城森も大学での講義を終え、バイトに来ていた。
「吹谷さんって明日休みでしたよね?」
「そうだけど」
「デート行きませんか?」
「いいよ、どこか行きたいとこあるの?」
「ちょっと買い物がしたくて、、、」
「それは俺の車に入る量か?」
「、、、多分」
「俺の車は2シーターのクーペなんだよ。そんな大荷物は無理だからな?」
「わかってますよ。子供とかできたらせめてセダンとか乗ってください」
「ミニバンは絶対に乗らないからな」
「そういうからセダンで我慢してるんです」
「あと、SUVにも絶対に乗らない」
「奥さんとか逃げていきますよ」
「それはもう仕方ない。

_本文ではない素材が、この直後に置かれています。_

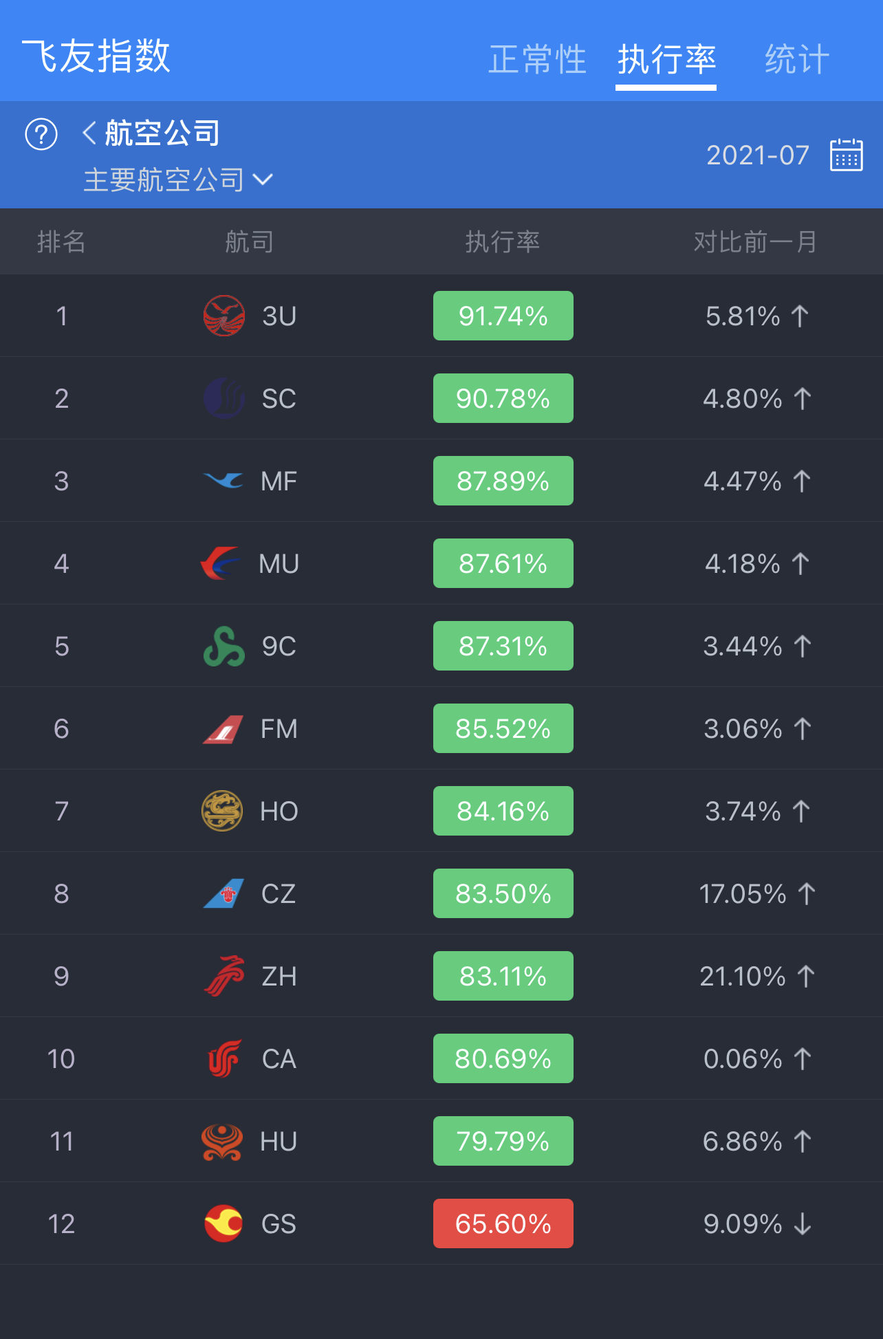 而在航班执行率方面,山东航空也居于前列,4-6月份山航航班执行率分别为94.71%、89.56%和85.98%,7月以来山航航班正常率则为90.78%,仅次于四川航空,排在第二名。

そのくらいで逃げられるのならその程度なんだろ」
「そんなんだからこれまで付き合って来た人に振られるんですよ」
「、、、返す言葉もない」
「とにかく!明日デートしますからね!!」
「分かったよ」
吹谷と城森は半同棲をしているが、社会人と大学生であり更にはシフト制の仕事のため休みが合う時があまりない。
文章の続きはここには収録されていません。